=== Section Start ===

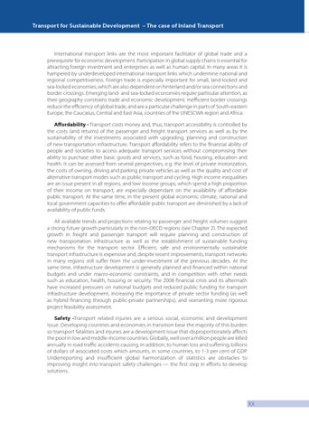 International transport links are the most important facilitator of global trade and a prerequisite for economic development. Participation in global supply chains is essential for attracting foreign investment and enterprises as well as human capital. In many areas it is hampered by underdeveloped international transport links which undermine national and regional competitiveness. Foreign trade is especially important for small, land-locked and sea-locked economies, which are also dependent on hinterland and/or sea connections and border crossings. Emerging land- and sea-locked economies require particular attention, as their geography constrains trade and economic development. Inefficient border crossings reduce the efficiency of global trade, and are a particular challenge in parts of South-eastern Europe, the Caucasus, Central and East Asia, countries of the UNESCWA region and Africa. Affordability - Transport costs money and, thus, transport accessibility is controlled by the costs (and returns) of the passenger and freight transport services as well as by the sustainability of the investments associated with upgrading, planning and construction of new transportation infrastructure. Transport affordability refers to the financial ability of people and societies to access adequate transport services without compromising their ability to purchase other basic goods and services, such as food, housing, education and health. It can be assessed from several perspectives, e.g. the level of private motorization, the costs of owning, driving and parking private vehicles as well as the quality and cost of alternative transport modes such as public transport and cycling. High income inequalities are an issue present in all regions, and low income groups, which spend a high proportion of their income on transport, are especially dependant on the availability of affordable public transport. At the same time, in the present global economic climate, national and local government capacities to offer affordable public transport are diminished by a lack of availability of public funds. All available trends and projections relating to passenger and freight volumes suggest a strong future growth particularly in the non-OECD regions (see Chapter 2). The expected growth in freight and passenger transport will require planning and construction of new transportation infrastructure as well as the establishment of sustainable funding mechanisms for the transport sector. Efficient, safe and environmentally sustainable transport infrastructure is expensive and, despite recent improvements, transport networks in many regions still suffer from the under-investment of the previous decades. At the same time, infrastructure development is generally planned and financed within national budgets and under macro-economic constraints, and in competition with other needs such as education, health, housing or security. The 2008 financial crisis and its aftermath have increased pressures on national budgets and reduced public funding for transport infrastructure development, increasing the importance of private sector funding (as well as hybrid financing through public-private partnerships), and warranting more rigorous project feasibility assessment. Safety -Transport related injuries are a serious social, economic and development issue. Developing countries and economies in transition bear the majority of this burden so transport fatalities and injuries are a development issue that disproportionately affects the poor in low and middle-income countries. Globally, well over a million people are killed annually in road traffic accidents causing, in addition, to human loss and suffering, billions of dollars of associated costs which amounts, in some countries, to 1-3 per cent of GDP. Underreporting and insufficient global harmonization of statistics are obstacles to improving insight into transport safety challenges — the first step in efforts to develop solutions.
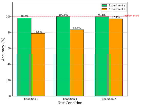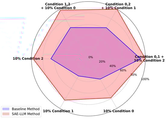 The proposed SAE-LLM method’s transfer diagnosis accuracies under the two few-shot scenarios are shown in Table 7 and Figure 12, with a comparison to the baseline in Figure 13. The results show that in both scenarios, the proposed SAE-LLM method exhibits significant advantages. In scenario a, the features learned by the SAE using source domain data appear to be somewhat invariant to operating conditions; with only a small number of target-domain samples, the model quickly adapts to the new condition. In the limited-data scenario b, the SAE method—trained on very few samples—still achieves higher accuracy than the baseline. This demonstrates that the automatically learned feature representations from the SAE are not only highly discriminative but also more robust and generalizable. They capture the essential physical patterns of the faults, rather than surface phenomena specific to particular conditions, thereby showing strong adaptability in the face of changing conditions and data scarcity.
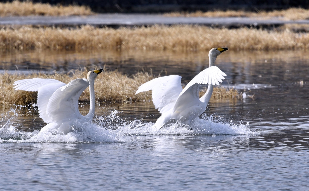 随着气温逐渐回升,大批天鹅、苍鹭等候鸟飞临北京密云水库,在这里栖息觅食、繁育后代。
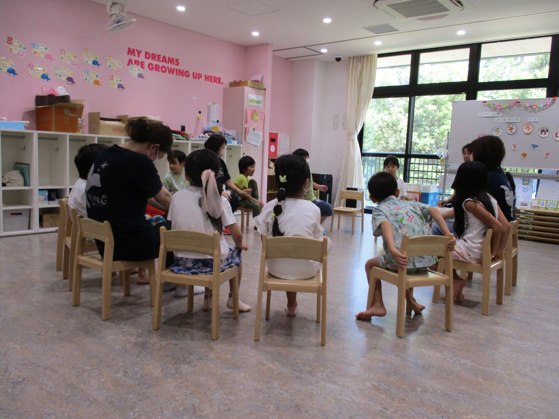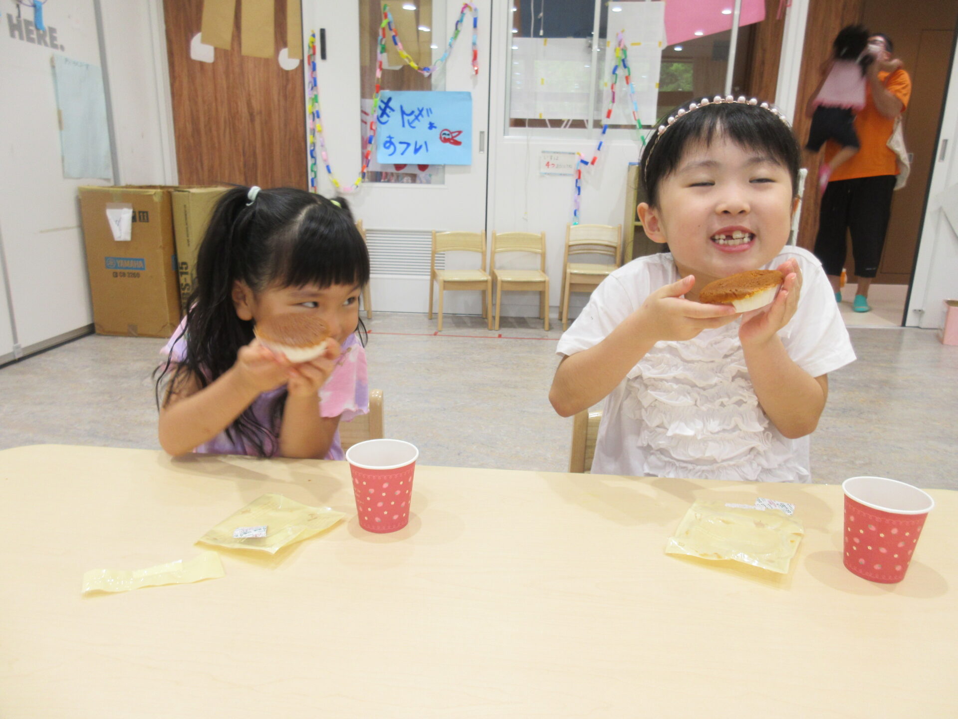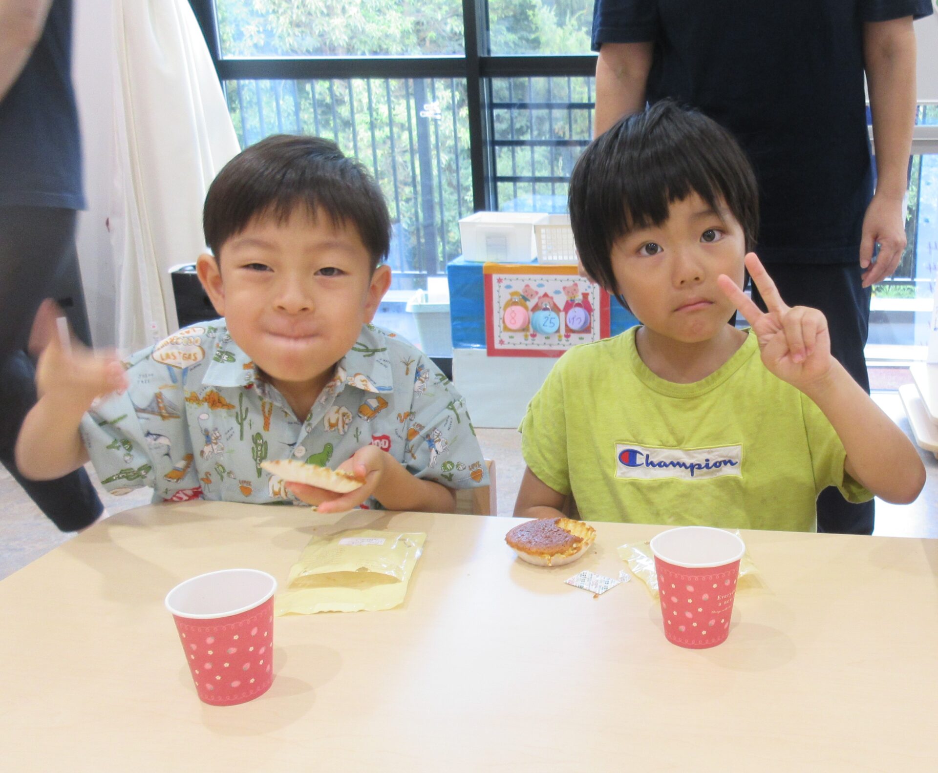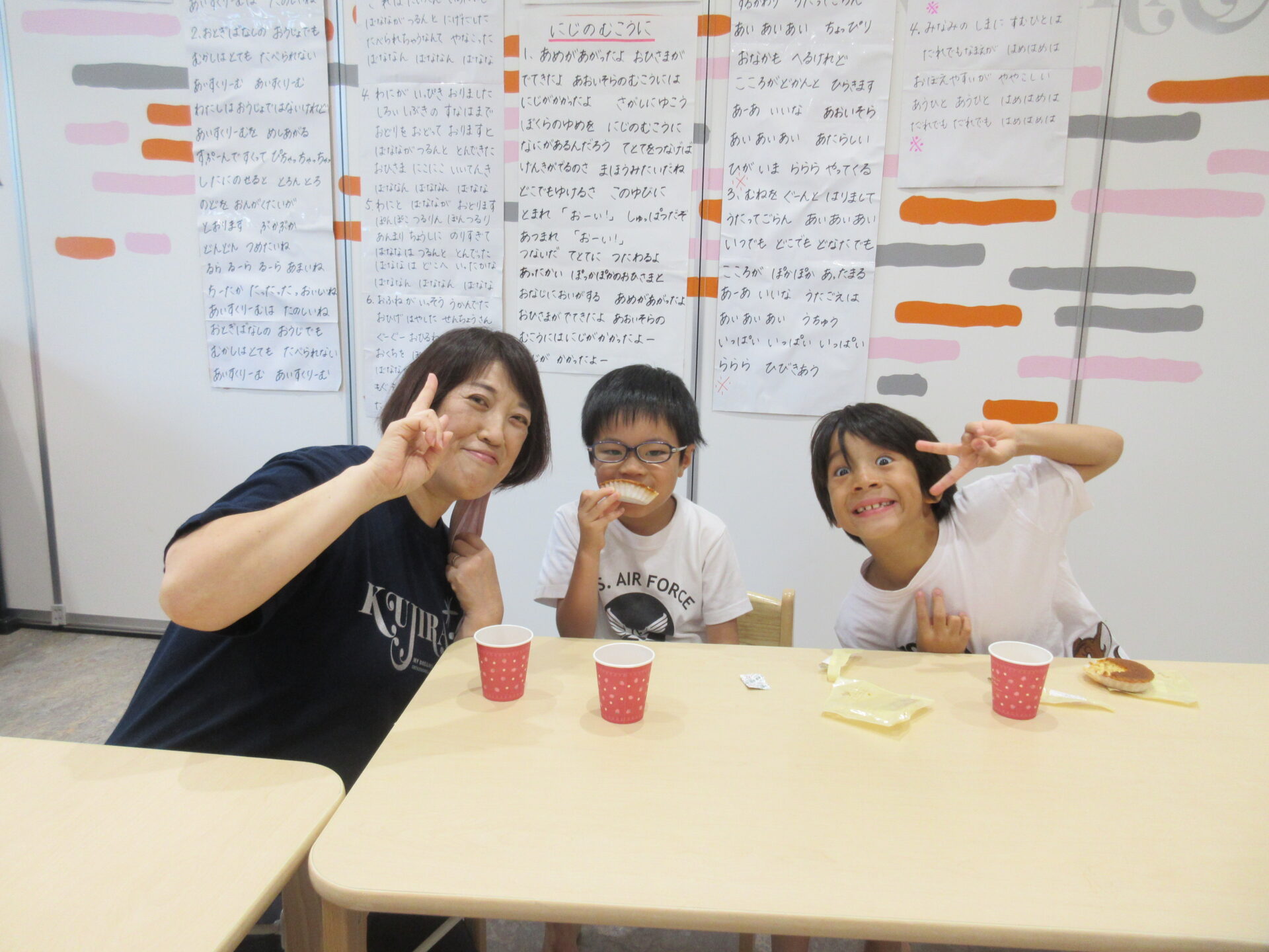 朝の会をしたあと、みんなでおやつを食べました。小学校の話や夏休みの話など大盛り上がりの子どもたち!

=== Section End ===

### Activity
From the line with "随着气温逐渐回升,大批天鹅、" to the last line of the material, both inclusive, set down every line exactly and nothing else; omit pictures.

### Written response
 随着气温逐渐回升,大批天鹅、苍鹭等候鸟飞临北京密云水库,在这里栖息觅食、繁育后代。
 朝の会をしたあと、みんなでおやつを食べました。小学校の話や夏休みの話など大盛り上がりの子どもたち!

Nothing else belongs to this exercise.